Score:3

Force Windows 10 to load group policy from registry

za flag

I would like to apply several group policies (for data protection purposes) on various Windows 10 machines from time to time. The target machines are running with various Windows 10 version (Home, EDU, Pro, ...). Therefore, I have a registry export file (.reg) containing the registry keys for the corresponding GPO settings. I distribute this file to the target machines and import them there. Until some time ago, these settings have been applied after a reboot.

However, for some time (I can't tell you exactly) Windows seems to ignore this. When I import the registry file, the GPO change is not visible in the GPO editor and not applied. However, when I set the corresponding setting manually in the GPO editor, the registry key gets set.

I've tried to use "gpupdate /Force" already.
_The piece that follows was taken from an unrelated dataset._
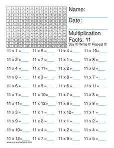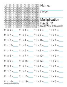 In this multiplication instructional activity, students solve 100 basic facts of 0 to 12. This may be used as a timed drill of multiplication facts to 144.

However, it doesn't help.

How can I apply group policies using the registry?

Score:8
cn flag

Fiddling with registry keys is not healthy for group policies, instead, you should take a look at LGPO, this is a tool to export policy settings and import them. Then, Windows will create the appropriate registry keys.

Short description is available here: https://techcommunity.microsoft.com/t5/microsoft-security-baselines/lgpo-exe-local-group-policy-object-utility-v1-0/ba-p/701045

and the tool is available in lgpo.zip, part of the Security Compliance Toolkit, here: https://www.microsoft.com/en-us/download/details.aspx?id=55319

[...]Features

  • Import settings into local group policy from GPO backups or from individual policy component files, including Registry Policy (registry.pol), security templates, and advanced auditing CSV files.
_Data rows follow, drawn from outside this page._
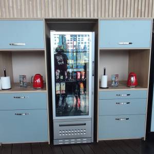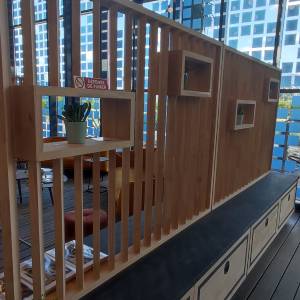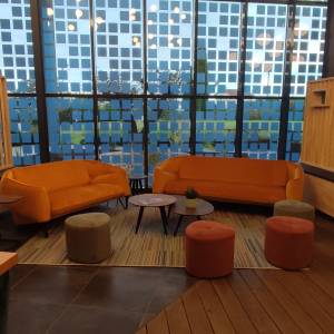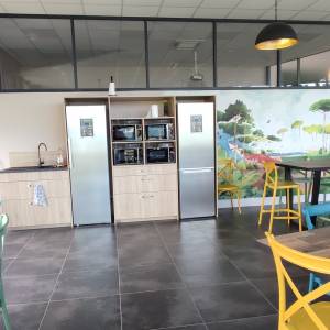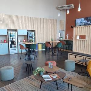 Transformation du rez de chaussée d'une maison d'habitation en bureau. Dans cet espace de 102m² nous y avons intégré 2 bureaux individuels, 2 bureaux collectif, un espace détente, un coin cuisine et une mezzanine pour l’archivage. Les couleurs sont assorties à celle du logo de l’assurance. Les matériaux sont essentiellement en bois
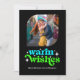 Electric Blue & Neon Green Retro Christmas Photo Holiday Card
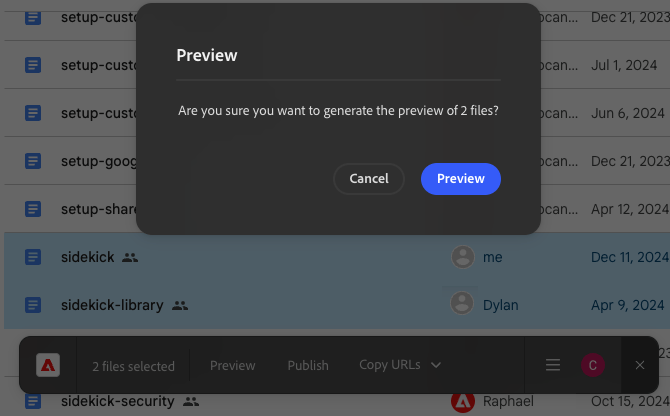 Abra Sidekick en Google Drive o Microsoft SharePoint y seleccione uno o más archivos para previsualizar y publicar archivos de forma masiva y copiar convenientemente sus direcciones URL. Sidekick cuenta el número de archivos seleccionados y le solicita que confirme cualquier acción masiva.

  • Export local policy to a GPO backup.

  • Parse a Registry Policy (registry.pol) file to readable "LGPO text" directly to the console or redirected to a file which can edited and imported into local policy.
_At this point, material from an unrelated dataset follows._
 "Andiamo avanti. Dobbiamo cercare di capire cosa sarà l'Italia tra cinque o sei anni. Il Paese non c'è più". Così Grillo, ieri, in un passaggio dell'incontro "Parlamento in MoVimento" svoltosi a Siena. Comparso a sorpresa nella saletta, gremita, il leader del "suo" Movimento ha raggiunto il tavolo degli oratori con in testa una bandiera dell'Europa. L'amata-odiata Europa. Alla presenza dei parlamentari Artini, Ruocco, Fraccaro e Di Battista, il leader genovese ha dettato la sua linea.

  • Build a new Registry Policy (registry.pol) file from "LGPO text".

  • Enable group policy client side extensions for local policy processing.

[...]

Basically, the idea is to set the policies you want on a computer, then run lgpo.exe /b <backup_path> and import this on another computer lgpo /g <import_path>

Daniel avatar
in flag
You can also use LGPO to apply group policies from command line. No need to backup and import. You'd have to see the documentation on how this works. I don't have the parameter at hand.